Gleichwohl betonte das Gericht, dass eine gegebenenfalls noch zu erhebende Verfassungsbeschwerde nach derzeitigem Erkenntnisstand nicht offensichtlich unzulässig oder unbegründet wäre. In einem gegebenenfalls durchzuführenden Hauptsacheverfahren würden sich komplexe Fragen der verfassungsrechtlichen Datenschutzdogmatik stellen, insbesondere die Frage, ob die vom Gesetzgeber mit dem Digitale-Versorgung-Gesetz verfolgten Zwecke auch durch eine in Umfang, Erhebungs- oder Verarbeitungsmodalitäten begrenzte Datennutzung (zum Beispiel durch verpflichtend einzuholende Einwilligungen oder weiter als bisher reichende Widerspruchsmöglichkeiten der Versicherten) im Ergebnis ohne nennenswerte Abstriche hinsichtlich Repräsentativität und Qualität des Datenmaterials erreicht werden könnten.

Das Bundesverfassungsgericht hat also die Skeptiker und Kritiker, die etwa im Gesetzgebungsverfahren auf einen höheren Datenschutz gepocht haben, wahrgenommen. In einem Hauptsacheverfahren zu einer Verfassungsbeschwerde wird es zu gegebener Zeit damit eine umfangreiche, kritische und ergebnisoffene Auseinandersetzung mit den Regelungen geben.

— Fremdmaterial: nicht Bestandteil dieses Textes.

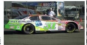
INTERUSH 贊助車款 2
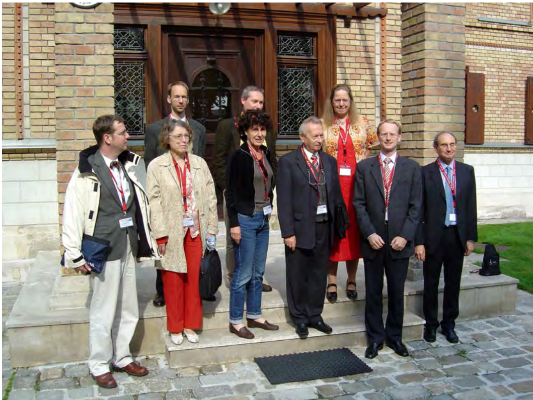
Abbildung 0.2: Vortragende der Tagung in der Kuffner-Sternwarte in Wien, 7.–9. Oktober 2004

Das dicke Ende kommt also erst noch.

Es ist zu erwarten, dass das Bundesverfassungsgericht dann allgemeine Ausführungen dazu machen wird, wie Datenschutz und die positiven Effekte der Datennutzung für die Gesundheitsversorgung zu gewichten und in Einklang zu bringen sind. Es bietet sich damit für das Gericht die Chance, einer reflexartig postulierten Datenschutzmaxime entgegenzutreten und im Wege einer sachlichen abwägenden Entscheidung die Vorteile der Datenmedizin angemessen zu berücksichtigen. Damit kann ein Baustein gelegt werden, um die durch das DVG vorangetrieben Medizindigitalisierung in Deutschland gewähren zu lassen oder gar weiter voranzubringen. Denn während einige Gesundheitssysteme seit Jahren digitale Versorgungen vorantreiben, nimmt Deutschland in entsprechenden Digitalisierungs-Rankings meist noch einen hinteren Platz ein[2].

Vorberg.Law plädierte schon immer für eine sachliche und objektiv risikoorientierte Abwägung des Datenschutzes auf der einen Seite mit den zu erwartenden Vorteilen für die Gesundheitsversorgung auf der anderen Seite. Es soll betont werden, dass eine umfangreiche Datenmedizin mannigfaltige Chancen für eine zügige und effektive Entwicklung der Versorgung bieten kann und hier nicht jede Entwicklung unter einem unangemessenen Datenschutz erstickt werden sollte, der meist eher aus einem Gefühl des Unwohlseins resultiert, nicht aber faktisch zu begründen wäre und damit zum Tragen kommen muss. Daten retten Leben. Mit dieser Gewichtung müssen Datenrisiken in einem angemessenen Maß in Kauf genommen werden. Das bedeutet: Datenschutz muss ernst genommen werden. Die Vorteile der Datenmedizin aber genauso.